Historically, Tsitsernavank Monastery is located in Aghahechk, one of the 12 cantons of the historical Armenian province and principality of Syunik. By the 15th century Aghahechk had split into two districts: the northern half was called Khozhoraberd; the southern half, containing Tsitsernavank, was called Kashatagh.

The basilica of Tsitsernavank was believed to contain relics of St. George the Dragon-Slayer. In the past, the monastery belonged to the Tatev diocese and is mentioned as a notable religious centre by the 13th-century historian Stepanos Orbelian and Bishop Tovma Vanandetsi (1655).

In 1613, the monastery's fortified wall was repaired and its arched gateway was constructed. The building inscription in Armenian recording this act disappeared between 1989 and 1992, during the First Nagorno-Karabakh War. The church and its belltower were renovated in 1779. The building inscription in Armenian recording this renovation disappeared in 1967.

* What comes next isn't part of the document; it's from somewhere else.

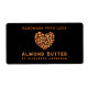 Loveheart made of almonds with customizable product name and who made it.

In the 19th century, it served as the parish church for the adjoining peasant settlement of Zeyva and was called St. Stephanos. Zeyva's Armenian inhabitants fled during 1905 Armenian-Tatar war, never to return. During the Soviet period, the village was renamed Gusulu and the church was unused but preserved as a historical monument. Tsitsernavank's church of St. George (St. Gevorg) was reconsecrated in October 2001, after a heavy restoration in 1999-2000 paid for by Armenian diaspora funds, and is a venue for annual festivals honouring St. George.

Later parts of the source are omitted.